[[ Data for this task open ]]

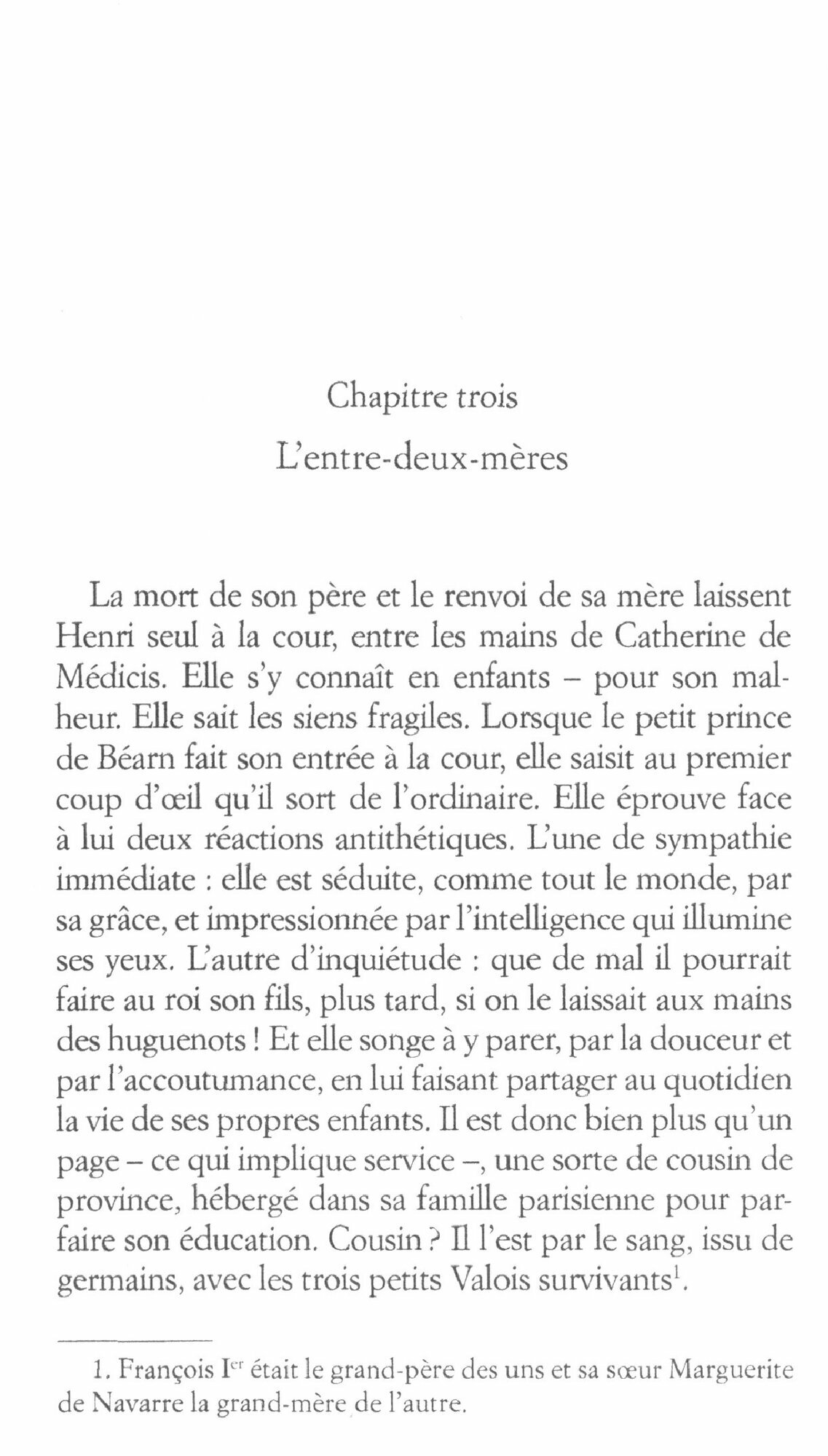 Rien ne predestinait Henri de Navarre a devenir Henri IV, roi de France. Le trone de France etait bien pourvu en heritiers et l’adhesion de Henri a la Reforme le disqualifiait. Il lui fallut pour y parvenir trente ans et une hecatombe. Son itineraire est jonche de morts, par la guerre ou la maladie. Il en emerge les mains pures, sans une egratignure. Une chance ? Pour les chretiens d’alors, tout ce qui advient est du a la Providence, dont ils sont les agents obliges. Henri, d’une intelligence hors pair, se crut voue par elle a une mission : retablir la concorde dans un pays dechire par les guerres de religion.
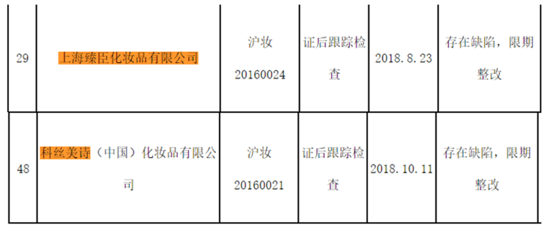 值得注意的是,上海创元化妆品有限公司2018年与2020年两次被奉贤区市场监督管理局要求"采取措施进行整改"。上海臻臣化妆品有限公司、科丝美诗(中国)化妆品有限公司在2018年的化妆品生产企业飞行检查中发现问题,被要求限期整改。
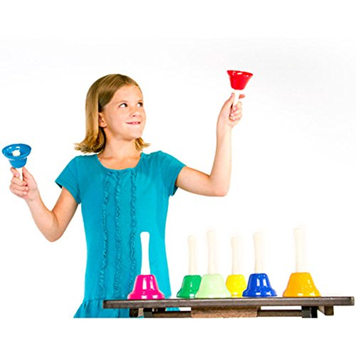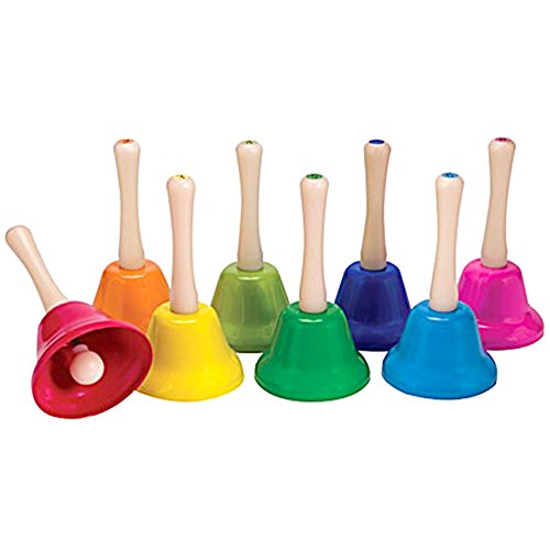 -. Feature : Color-coded, labeled sheet music for easy playing / Songs include Mary Had A Little Lamb, Old MacDonald Had A Farm, Jingle Bells, Twinkle Little Star, Row Your Boat, Joy To The World, London Bridge, Lullaby / Includes 8 hand bells and song sheet / Handles made of durable plastic / Bells each measure 5 x 3 inches
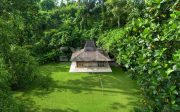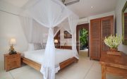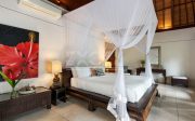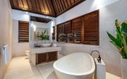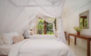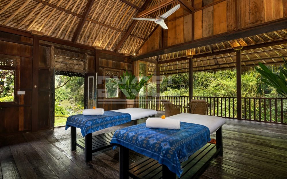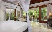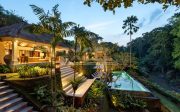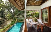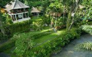 There are 6 individual villas on the property. All villas feature stone floors, traditional Balinese thatched roofing with beamed high ceilings. The beds are all sumptuous super King size, four-poster beds with vast netting all around (only one room has two large single beds). The beds are comfortable and luxurious and made up with crisp white Egyptian cotton sheets. All rooms have air conditioning and ceiling fans. Each villa has a large en-suite with tropical indoor/outdoor shower and huge stone egg-shaped bath tubs. Each villa features its own private outdoor balcony / terrace seating area, overlooking the pools, tropical gardens, jungle, flowing river and rural rice fields. The property is surrounded by natural beauty. The gardens are abundant with treasures: tall, verdant palms, tropical birds and smooth stepping stones across the lotus pond.
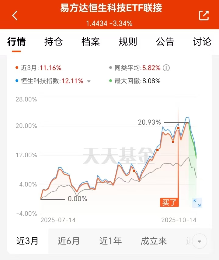 今天A股市场盘中走势震荡,港股市场今天高开高走,表现不错,行情开始修复啦。经过好几天的调整,港科技目前位置性价比不错,中长期来看,港科技比A股和美股的估值更低,也是有补涨机会的。$易方达恒生科技ETF联接(QDII)C(OTCFUND|013309)$紧密跟踪恒生科技指数,偏差较小,这基近3个月上涨11.16%,业绩也还不错,今天我也逢低布局起来。
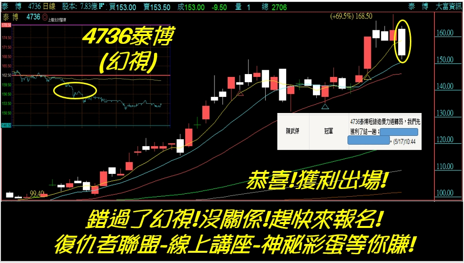 武傑依舊給大家信心,認為多頭還沒結束,震盪難免都會,但投資朋友別擔心,盤勢最即時的狀況武傑會適時在LINE@家族給大家一些看法與提醒,今天也在LINE@家族中持續贈送最新資料-復仇者聯盟,有興趣的朋友歡迎索取!而今天也可以再line@家族或武財神陳武傑FB粉絲頁報名復仇者聯盟-線上講座!線上講座中的台股-神秘彩蛋您一定要知道喔!
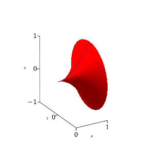 S := display([QQ,a2],scaling=constrained,axes=frame,tickmarks=[2,[0],2],labels=[x,z,y],view=[0..1,-1..1,-1..1], orientation=[-125,65]);
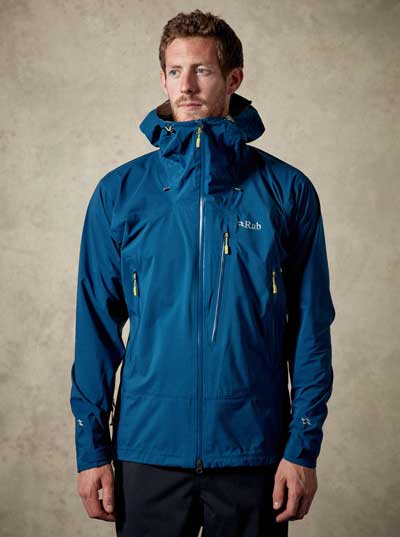 מעיל גשם אטום מים ונושם וסטרצי של חברת RAB האנגלית קלאסי למטפסים או מטיילים שרוצים מעיל קל ואיכותי מבד PERTEX, כמו כן מצוייד בשני כיסי צד וכיס עליון בחזה ואורורים מתחת לידיים לשעת הצורך שנהיה חם בפעילות חורף. הכובע מתלבש גם על קסדת טיפוס וגם יכולת לצמצם אותו על הראש . המעיל בנוי בצורת אריגה של RIPSTOP שעוצר קרעים ומונוע מקרעים ליהפתח .
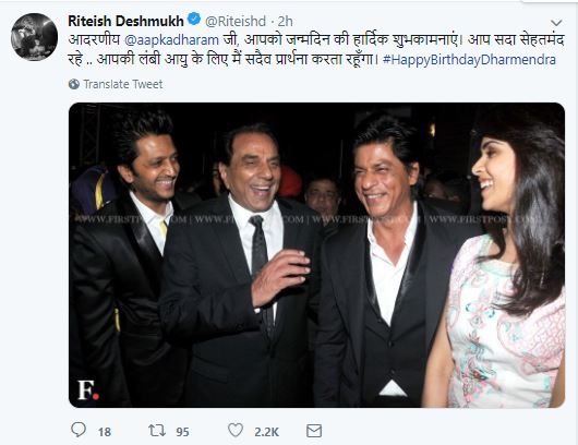 Ritesh Deshmukh also wished the veteran actor. In the picture shared on Twitter, he is seen along with Dharmendra, Shah Rukh Khan and his wife Genelia D'Souza. Ritesh captioned the picture as, Respected @aapkadharam ji, a very happy birthday to you. May you always be healthy. I will always pray for your long life."
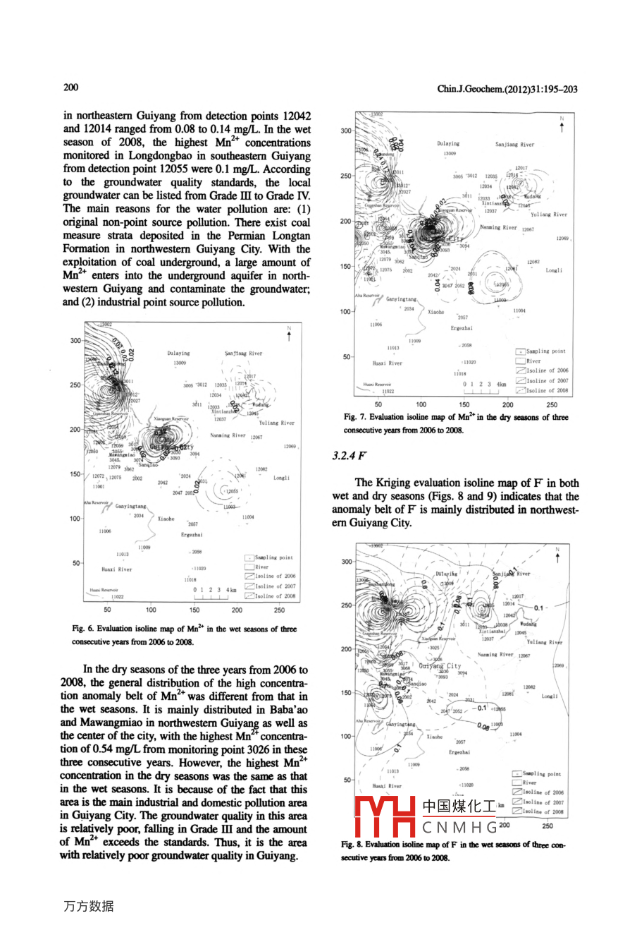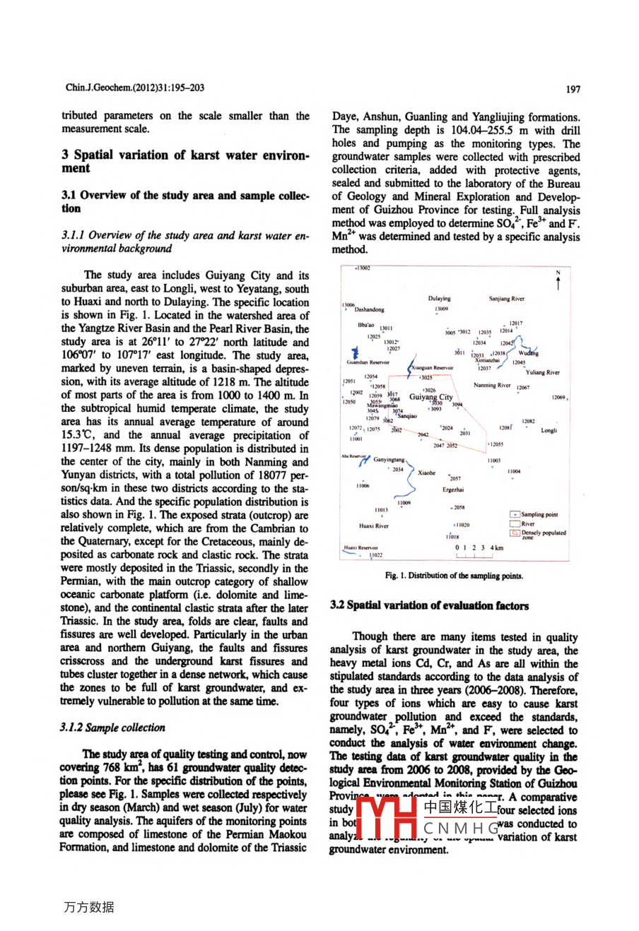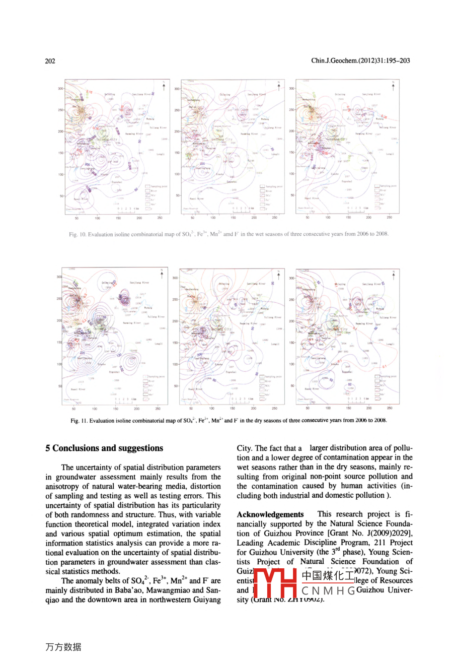 Chin.JGeochem.(2012)31:195- 203DOL: 10.1007/511631-012-0568-0Combinatorial analysis on spatial informationstatistics for the karst water environment inGuiyang, ChinaWANG Zhongmeil' , ZHU Lijun' , YANG Ruidong'. YANG Shengyuan', DING Jianping', and YANG Genlan'' College of Resources and Envionmental Engineering of Gutzhou Universiry, Giuiyang 50003, China2 Key Laboralory of Karsi Enmironment and Geohazard Preverion (Guizhou Universiry,. Ministry of Educarion, Gulyang 50003,. China3 Gwizhou lnsiute of Geological Environment Monion, Guiyang 50001.0 China●Coresponding author, E-mail: re.zmwang@gzu.edu.cnReceived September 19, 2010; accepted October 20. 2010◎Science Press and Institute of Gcochemistry. CAS and Springer-Verlag Berlin Heidelberg 2012Abstract The karst groundwater system is extremely vulnerable and easily contaninaled by human activities. Toundersland the spatial distribution of contaminants in the groundwater of karst urban areas and contributors to thecontamination, this paper employs the spatial informnation statistics analysis theory and method to analyze the karstgroundwater environment in Guiyang City. Based on the karsl groundwater quality data detected in 61 detectionpoints of the research area in the last three years, we made Kriging evaluation isoline map with some ions in the karstgroundwater, such as so. , Fe'*, Mn2+ and F, analyzed and evaluated the spatial distribution, extension and varia-tion of four types of ions on the basis of this isoline map. The results of the analysis show that the anomaly areas ofsoz",Fe2*, Mn2*.F and other ions are mainly located in Baba' a0. Mawangmiao and Sanqiao in northwestern Gui-yang City as well as in its downtown area by reasons of the original non-point source pollution and the contamina-tion caused by human activities (indutial and domestic pollution).Key words karst water environment; spaial information saisics; analysis1 Introductionshortage. Among its limited water resources, ground-water is the main source of water supply with theGuizhou Province is located in the heart of theamount of karst water over 90%. Therefore, we shouldkarst area of Southwest China. It covers a karst area ofprotect the limited water resource for local people's129600 km', accounting for 73.4% of the total area.health condition and sustainable development of Gui-The groundwalter system of Guiyang City is a typicalyang City. This paper attempts to analyze and evaluatekarst water system which is generally acknowledgedthe spatial distribution, extension and variation of theto be extremely vulnerable to the contaminationSO4", Fe", Mn' and F pollution sources in the karstcaused by human activities (Liang Yunchao et al..groundwater of Guiyang City.2008). With the development of Guiyang's economy,coal mining, industrial waste and municipal wastewa-bution randomness of evaluation parameters is theter poison the karst groundwater system. Especiallymajor factor that causes the uncertainty of waterthe pollution caused by coal mining makes the con-evaluation models (Sun Nazheng, 1989). The issue ofcentration values of so2, Fe'*, Mn2+ and F in thehow to quantify the randomness of various spatial dis-karst groundwater exceed the national standards.tribution parameters in groundwater environmentMoreover, the industrial waste discharged from theevaluation so as to ensure the reliability of utilizingprocesses of desulfurization and defluorination bythe evaluation models becomes crucial. Previous sta-cement plants, aluminium plants, tire factories, ther-tistical methods based on traditional simulation mod-mal powder plants and gas companies in Guiyang Cityels中國(guó)煤化工lics can no longerwill contributea lot to SO4 , Fe"*, Mn2* and F pollu-provithe spatial varia-tion of the karst groundwater. Meanwhile, municipaltionCNMHGdly use single de-MHsewage will cause F pollution in the groundwater. Onterministic models or complete stochastic models tothe other hand, Guiyang is a city of severe wateraccurately describe the spatial distribution uncertaintywww.gyig.ac.cn ww w.springerink .com勾Springer.196Chin.J.Geochem.(2012)31:195- 203of various parameters in water environmental assess-2.2 Evaluation model of spatial information statis-ment. Nevertheless, based on regionalized variableticstheory, spatial informnation statistics with variablefunction as its main tool is the science to study naturalThe model applied to analyzing the spatial varia-phenomena with randomness and structural character-tion of parameters in water environmental assessmentistics in their spatial distribution (Wang Renduo andshould help provide the structural information aboutHu Guangdao, 1989). As a result of applying this newspatial distribution parameters in water environmentalstatistical method, the deficiency of classical statisticsassessment, and practically display the spatial correla-in analysis on randomness of spatial distribution pa-tion of various evaluated parameters as well as therameters in water environmental assessment can bereciprocal transformational and synergic relationshipremedied, the spatial structural information and thebetween their randomness and structural characteris-spatial optimum estimation of the distributed parame-tics within the relevant spatial coverage. In actualters can be gained, and the analysis and evaluation ofpractice, we usually provide corresponding theoreticalthe spatial distribution uncertainty of various parame-models for discrele data of variable functions, in orderters in water environmental assessment tends to beto produce a quantitative analysis on the spatial varia-more rational. This paper thus adopts the spatial in-tion of parameters in water environmental assessment.formnation statistics theory and method to analyze andThe frequently used models are Spherical Model,evaluate the karst groundwater environment in Gui-Gaussian Model and Exponential Model (Zhangyang City.Zhengtong and Liu Shuchun, 1999; Jourmel and Hui-jbregts, 1982). Gaussia

[[ Data for this task closed ]]

What is required — Starting at the first line of the records above, set down each line exactly through the one that holds "值得注意的是,上海创元化妆品". Omit pictures.

Expected answer —
 Rien ne predestinait Henri de Navarre a devenir Henri IV, roi de France. Le trone de France etait bien pourvu en heritiers et l’adhesion de Henri a la Reforme le disqualifiait. Il lui fallut pour y parvenir trente ans et une hecatombe. Son itineraire est jonche de morts, par la guerre ou la maladie. Il en emerge les mains pures, sans une egratignure. Une chance ? Pour les chretiens d’alors, tout ce qui advient est du a la Providence, dont ils sont les agents obliges. Henri, d’une intelligence hors pair, se crut voue par elle a une mission : retablir la concorde dans un pays dechire par les guerres de religion.
 值得注意的是,上海创元化妆品有限公司2018年与2020年两次被奉贤区市场监督管理局要求"采取措施进行整改"。上海臻臣化妆品有限公司、科丝美诗(中国)化妆品有限公司在2018年的化妆品生产企业飞行检查中发现问题,被要求限期整改。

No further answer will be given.